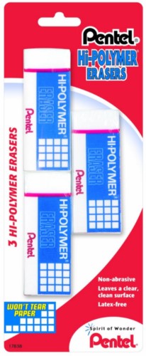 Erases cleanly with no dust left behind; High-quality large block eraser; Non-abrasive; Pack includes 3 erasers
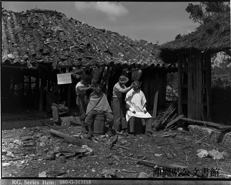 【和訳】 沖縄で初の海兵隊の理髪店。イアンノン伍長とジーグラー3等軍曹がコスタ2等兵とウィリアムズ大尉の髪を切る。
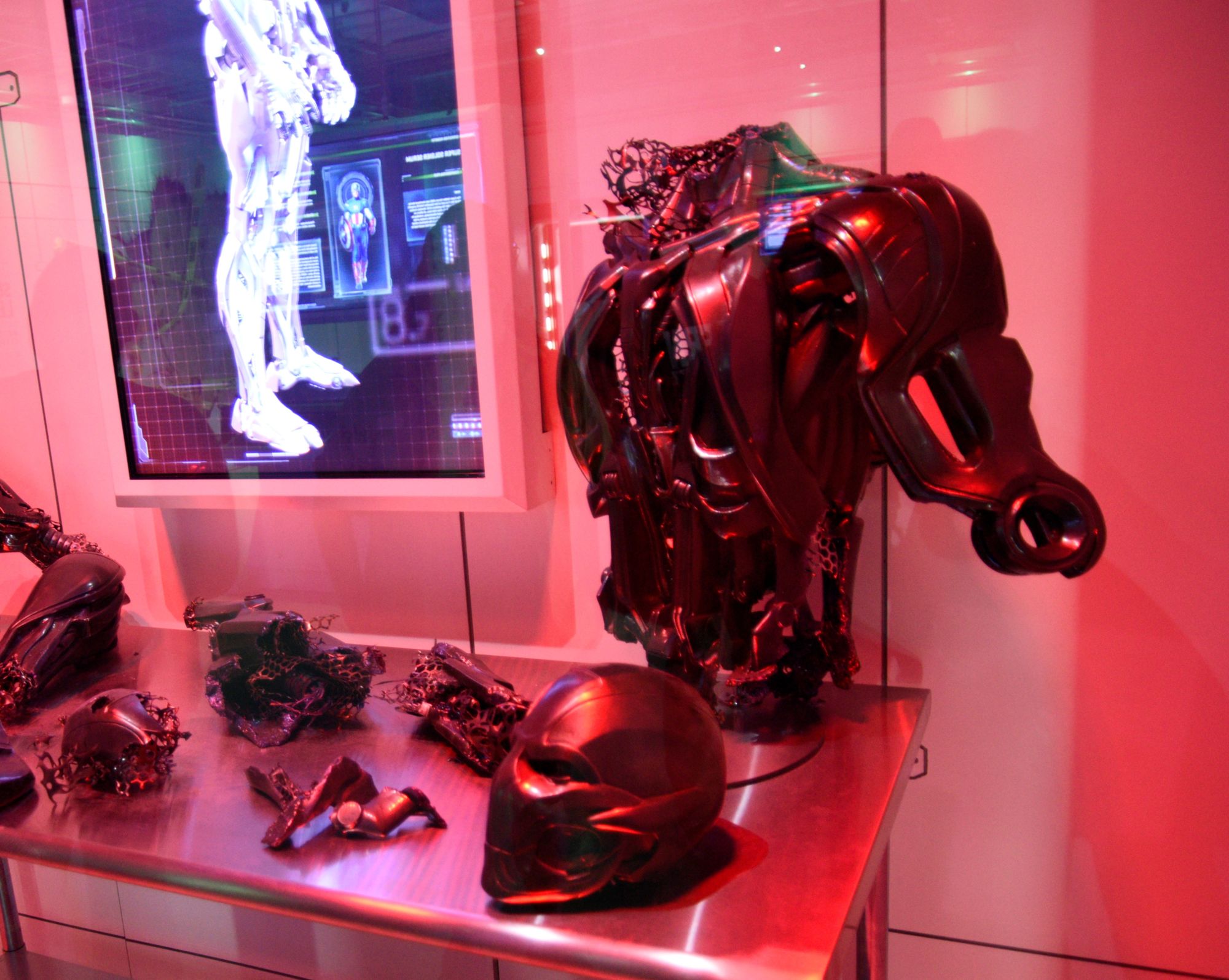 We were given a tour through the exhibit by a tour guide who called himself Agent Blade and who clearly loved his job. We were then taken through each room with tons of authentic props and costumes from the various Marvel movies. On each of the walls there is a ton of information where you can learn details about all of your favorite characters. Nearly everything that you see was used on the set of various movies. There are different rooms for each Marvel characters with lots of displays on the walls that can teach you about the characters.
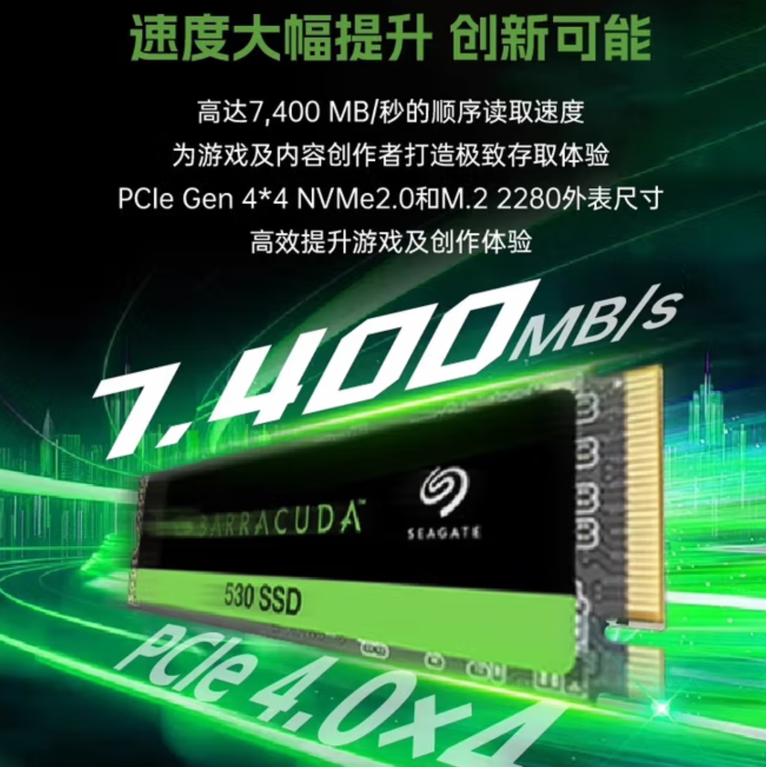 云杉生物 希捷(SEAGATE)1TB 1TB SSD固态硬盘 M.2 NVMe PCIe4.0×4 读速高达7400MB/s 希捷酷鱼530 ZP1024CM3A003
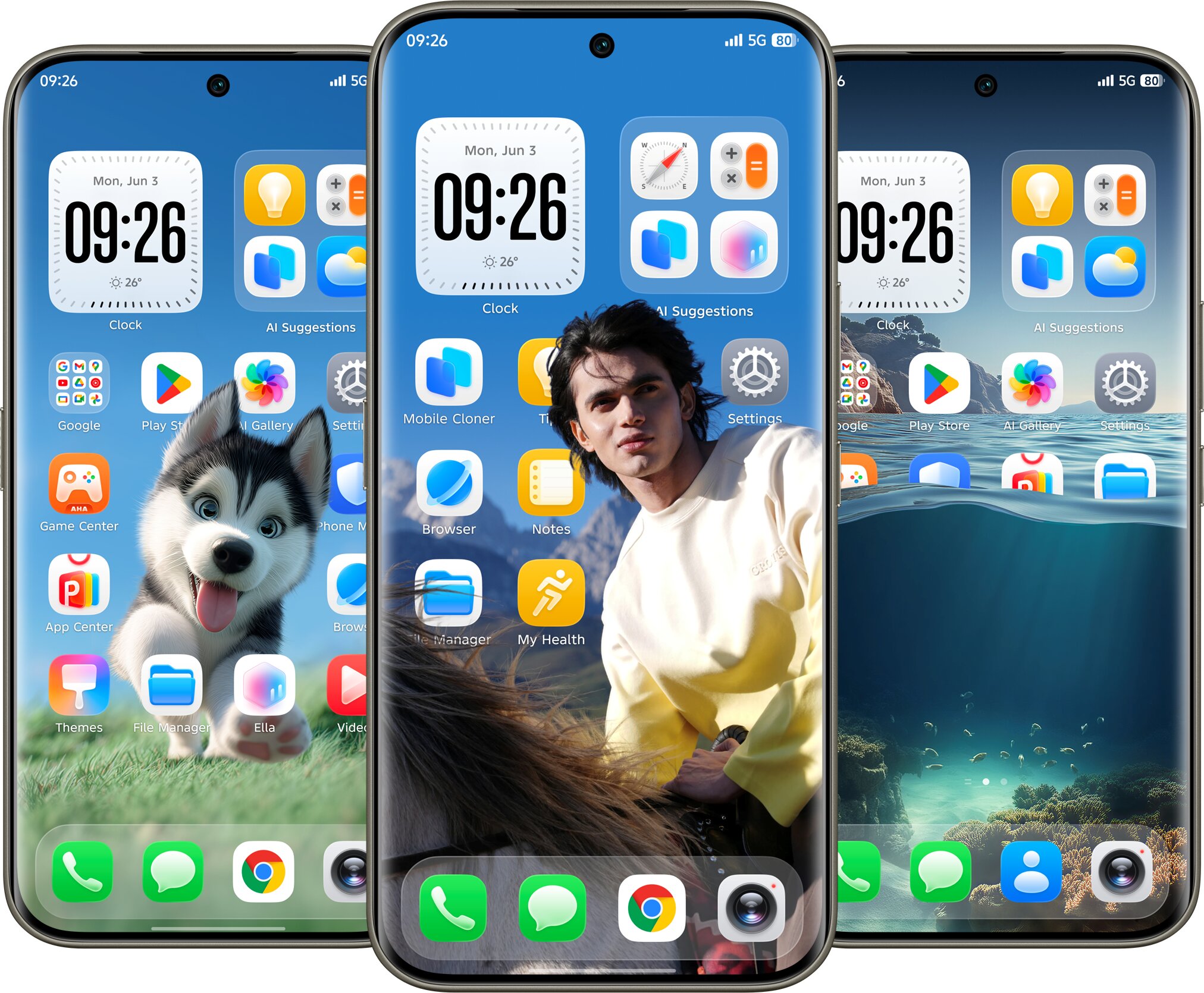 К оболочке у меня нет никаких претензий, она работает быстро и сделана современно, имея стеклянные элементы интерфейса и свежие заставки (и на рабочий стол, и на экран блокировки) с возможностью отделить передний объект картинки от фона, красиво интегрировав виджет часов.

What to produce
Write out exactly, and only, the lines running from the line with "We were given" to the last line above, both included, with all pictures omitted.

Exercise response
 We were given a tour through the exhibit by a tour guide who called himself Agent Blade and who clearly loved his job. We were then taken through each room with tons of authentic props and costumes from the various Marvel movies. On each of the walls there is a ton of information where you can learn details about all of your favorite characters. Nearly everything that you see was used on the set of various movies. There are different rooms for each Marvel characters with lots of displays on the walls that can teach you about the characters.
 云杉生物 希捷(SEAGATE)1TB 1TB SSD固态硬盘 M.2 NVMe PCIe4.0×4 读速高达7400MB/s 希捷酷鱼530 ZP1024CM3A003
 К оболочке у меня нет никаких претензий, она работает быстро и сделана современно, имея стеклянные элементы интерфейса и свежие заставки (и на рабочий стол, и на экран блокировки) с возможностью отделить передний объект картинки от фона, красиво интегрировав виджет часов.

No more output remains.